PSNC 2017: Financial Wellness – Holistic Education Programs

The panel compared utilizing different financial wellness tactics with general financial education, ROI and more.

Homing in on the term “financial wellness,” a Day Two panel at the PLANSPONSOR National Conference, in Washington, D.C., discussed well-rounded programs and how plan sponsors can offer holistic materials and value to participants—beyond just education.

Live polling from the audience revealed that most plan sponsors, at 53%, do not offer a specific financial wellness program, beyond education, while 20% said they do offer one, and 27% disclosed they were considering implementing one.

Bryan Burton, director of human resources (HR) for the North America region of Norican Group, and a panelist for the session, said his company focuses on financial concerns based on employee demographics. Because this region of Norican Group is mainly composed of blue-collar employees, Burton said, for many of them, retirement planning came last on their list of priorities.

“We would focus more on overarching financial issues, instead of just on their retirement plan,” he said.

Instead of providing general educational information, Burton said, his team introduced education on specific matters critical to a worker’s daily life, including debt management, paying for childcare, and how to establish a checking account, among others. At one point, Burton said he had reached out to a community specializing in financial wellness for Spanish-speaking employees, while also seeking help from advisers, Employee Assistance Program (EAP) plans and recordkeepers.

“It was important to us to really customize, and to target each group with what they wanted to know,” he said. “Once they had information, then they were open to see what the next step was. To build on that.”

Additionally, Burton’s team would invite spouses of workers to join financial wellness meetings, and on their own time. This, in turn, allowed Burton and his team to gather more data and feedback, which was helpful in understanding workers’ contribution rates and how, e.g., financial problems at home could be causing distractions on the job.

Currently, the North American region of Norican Group has a 93% participation rate, with a 9% average deferral rate.

Melissa Trimani, assistant vice president of product management at MassMutual Retirement Services, cited a recent study conducted by her company, in which 1,000 workers were surveyed on their main financial concerns. The study reported debt as the greatest and retirement as the least, with only 7% of workers citing it as a major concern.

Because of this, Michael Kane, managing director of Plan Sponsor Consultants, emphasized the importance of instilling financial wellness practices in a work force, instead of just handing out educational materials. “A lot of people mistake financial education for addressing financial wellness,” he said. “If I’m a person who has debt, you can educate me all you want, but I still don’t have the money.”
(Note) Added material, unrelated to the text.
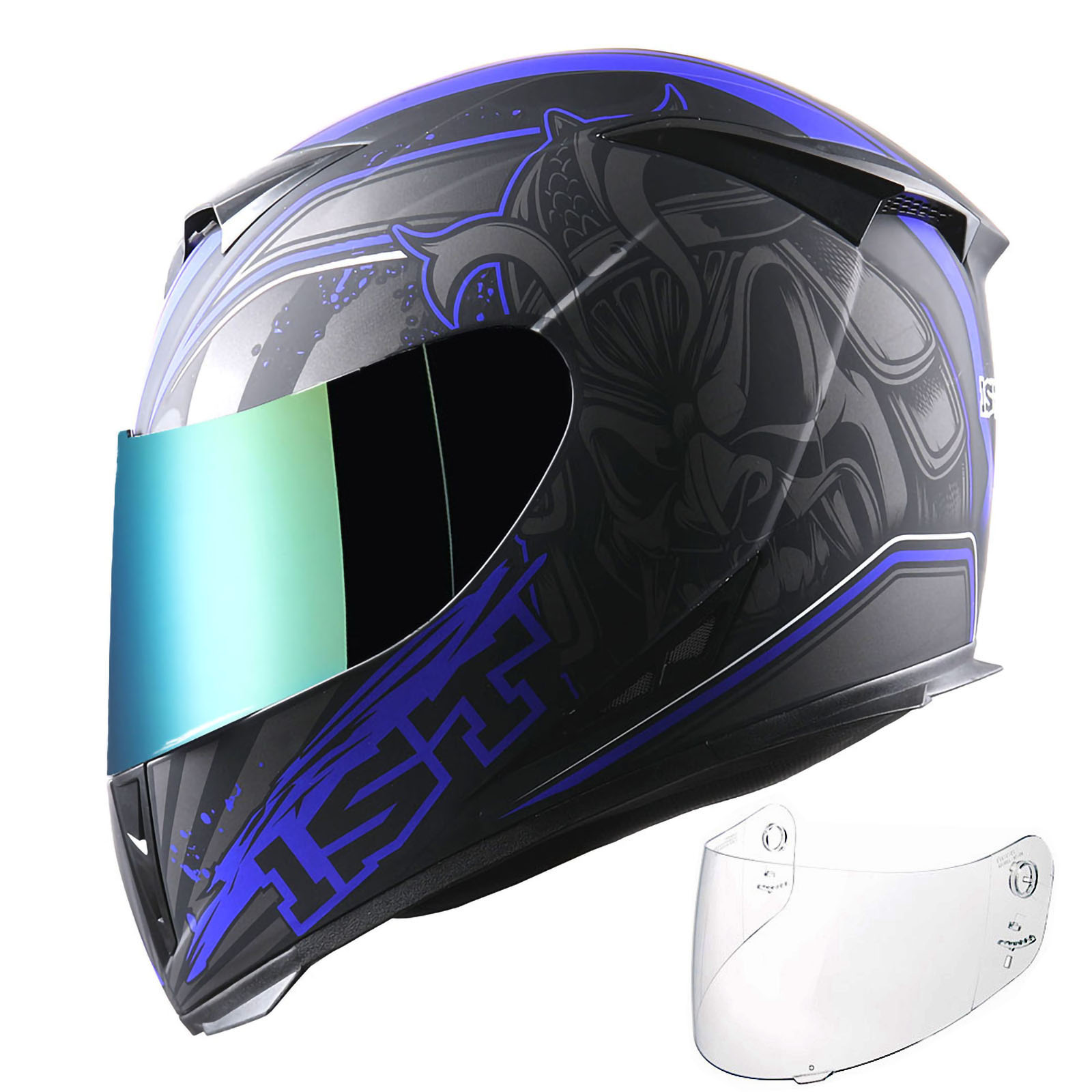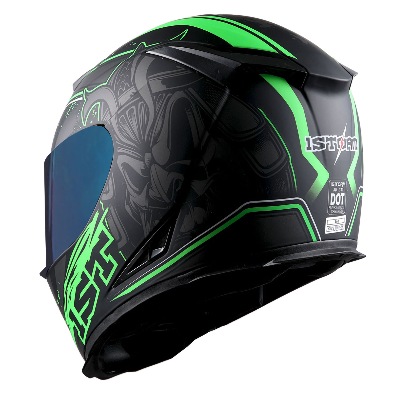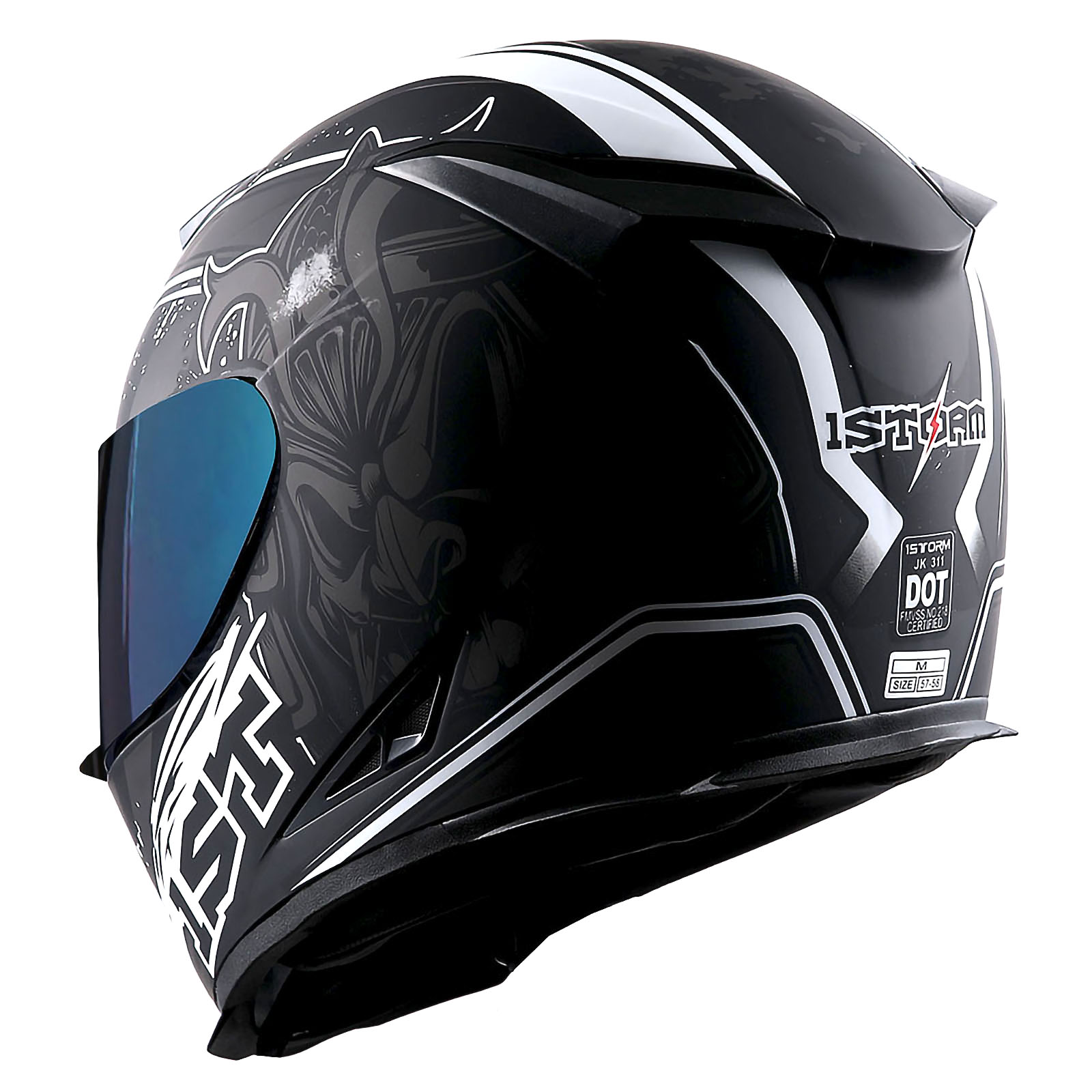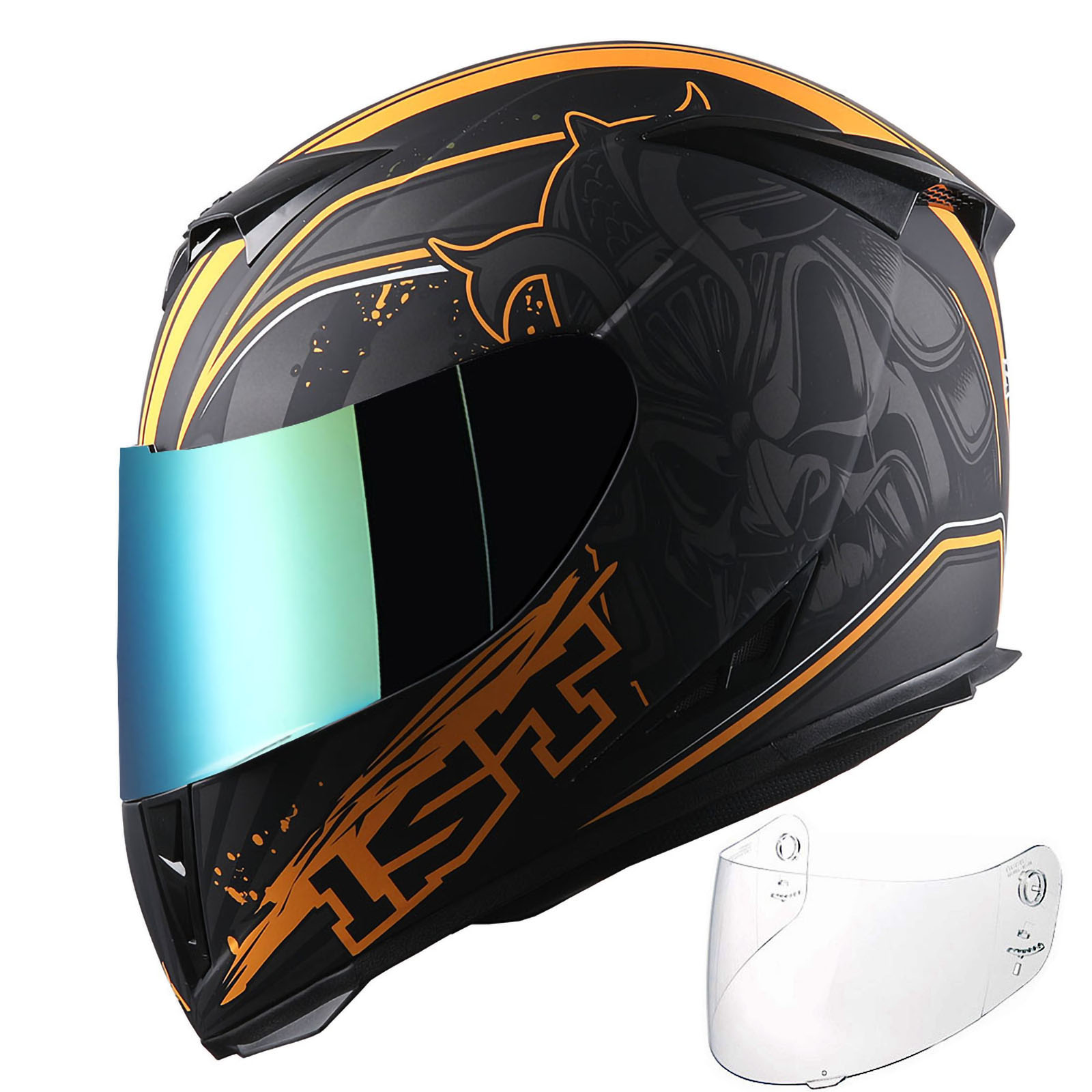 1Storm Motorcycle Full Face Helmet Matt Skull King + One Extra Clear Shield |

More specifically, Nathan Voris, managing director of strategy for Schwab Retirement Plan Services Inc., encouraged plan sponsors to focus on the quality of financial wellness programs, rather than quantity.

“The engagement strategies need to be action-oriented; reading a three-page article isn’t going to cut it,” he said. “Not new stuff—just a better way to engage with what we’ve been doing.”

He mentioned incorporating in-plan optimization, while Trimani followed up by telling employers, especially those sponsoring small plans, to find and work with a provider that can address employees’ needs. “If you marry up with the right provider, sometimes that’s really all your employees are looking for,” she said.

For employees who refuse to admit financial troubles, Burton suggested adding individual consultation appointments with third-party providers. For an extra confidential approach, sponsors can direct employees to EAPs, Burton said.

Or, as Kane suggested, a one-on-one phone call with a Certified Financial Planner (CFP) can encourage employees to be candid.

Voris also mentioned that his company implemented online chat rooms, to eliminate the risk of someone overhearing such a phone call.

 NEXT: Utilizing ROI can add to financial wellness 


While financial wellness tools are able to engage and drive employees to save for retirement, all four panelists suggested plan sponsors conduct a return on investment (ROI) to monitor specific behavioral modifications.

Trimani said, at MassMutual, taking into account specific data—e.g., the number of paid time off (PTO) days—and monitoring how different age groups such as Millennials and Generation Xers improve their participation and contribution rates are some methods for gauging behavioral changes.

The data pulled from ROIs not only points up the extent of the changes, but can interest the company’s chief financial officer (CFO), typically disengaged from the retirement plan and how it impacts employees. Plan sponsors can thereby gain opportunities to talk with the CFO about making overall improvements to the retirement plan, panelists agreed.

“You’re doing these kinds of things so you can see the move in metrics,” Kane said. “You have to have some type of aggregate reporting to see differences going on.”